Given material:
::::::::::
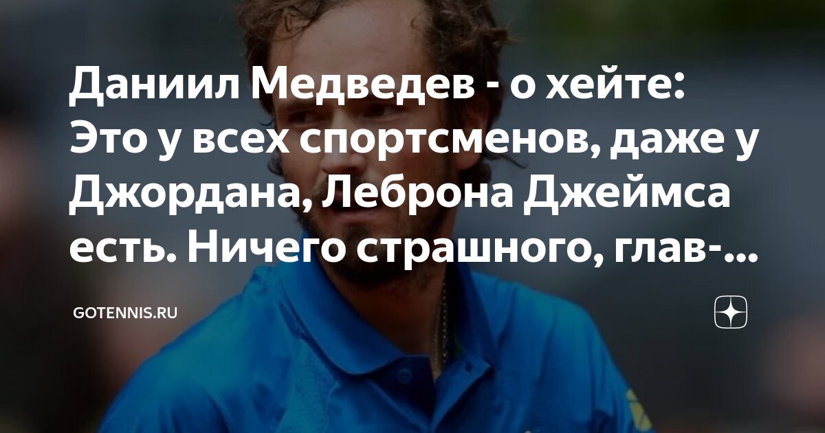 Даниил Медведев: Это особенность социальных сетей. Подобная критика встречается не только на российских платформах. Причина на самом деле очень проста: когда ты выигрываешь, все тебя обожают, а когда проигрываешь – начинаются негативные комментарии (так называемый хейт). Такая ситуация типична для всех спортсменов, даже для легендарных личностей вроде Майкла Джордана или Леброна Джеймса. В этом нет ничего ужасного; самое главное для меня – сконцентрироваться и начать играть лучше.
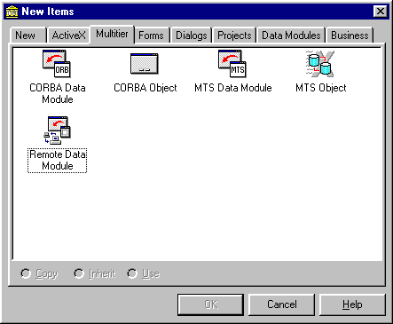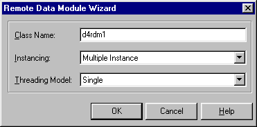 Рис. 31 Создание удаленного модуля данных После выбора соответствующей пиктограммы (например, Remote Data Module) из репозитария объектов и ввода характеристик соответствующего COM-объекта получим удаленный модуль данных, в который можно поместить компоненты доступа к данным.
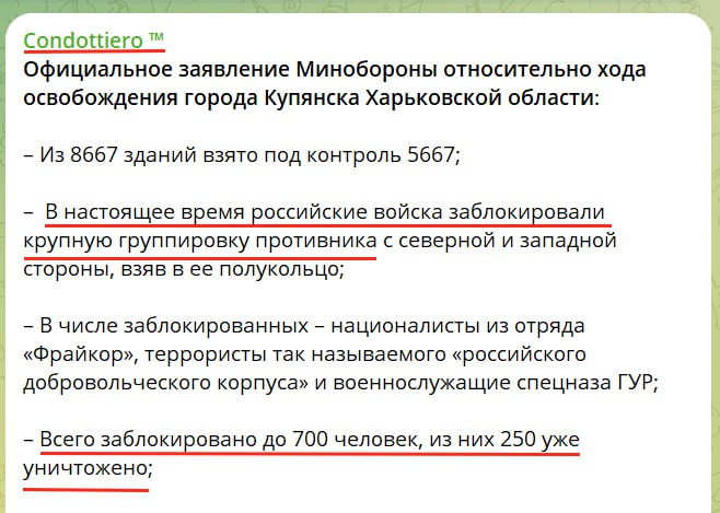 Причем, эти же самые каналы (см. скрины) еще десять дней назад повторили за официозом МО РФ (а тот в свою очередь взял это из отчетов командования группировки), что на 23.09.25 группировка ВСУ в Купянске УЖЕ БЫЛА НЕ ТОЛЬКО ТАМ ЗАБЛОКИРОВАНА, но и потеряла уничтоженными 200 из 700 человек.
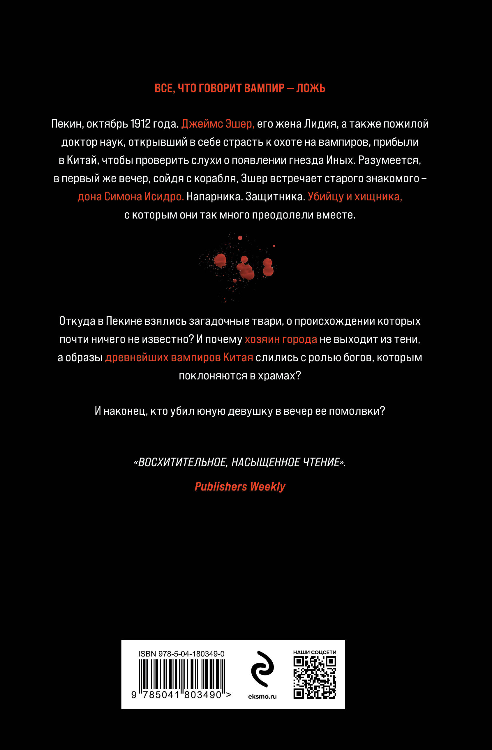 Пекин, октябрь 1912 года. Джеймс Эшер, его жена Лидия, а также пожилой доктор наук, открывший в себе страсть к охоте на вампиров, прибыли в Китай, чтобы проверить слухи о появлении гнезда Иных. Разумеется, в первый же вечер, сойдя с корабля, Эшер встречает старого знакомого ― дона Симона Исидро. Напарника. Защитника. Убийцу и хищника, с которым они так много преодолели вместе. Откуда в Пекине взялись загадочные твари, о происхождении которых почти ничего неизвестно? И почему хозяин города не выходит из тени, а образы древнейших вампиров Китая слились с ролью богов, которым поклоняются в храмах? И, наконец, кто убил юную девушку в вечер ее помолвки? Впервые на русском языке!| Издательство | ООО "Издательство "Эксмо" |
::::::::::
What you need to do: Each line from the top of the material through the line containing "Рис. 31 Создание" should be reproduced exactly; please drop any images.

Exercise output:
 Даниил Медведев: Это особенность социальных сетей. Подобная критика встречается не только на российских платформах. Причина на самом деле очень проста: когда ты выигрываешь, все тебя обожают, а когда проигрываешь – начинаются негативные комментарии (так называемый хейт). Такая ситуация типична для всех спортсменов, даже для легендарных личностей вроде Майкла Джордана или Леброна Джеймса. В этом нет ничего ужасного; самое главное для меня – сконцентрироваться и начать играть лучше.
 Рис. 31 Создание удаленного модуля данных После выбора соответствующей пиктограммы (например, Remote Data Module) из репозитария объектов и ввода характеристик соответствующего COM-объекта получим удаленный модуль данных, в который можно поместить компоненты доступа к данным.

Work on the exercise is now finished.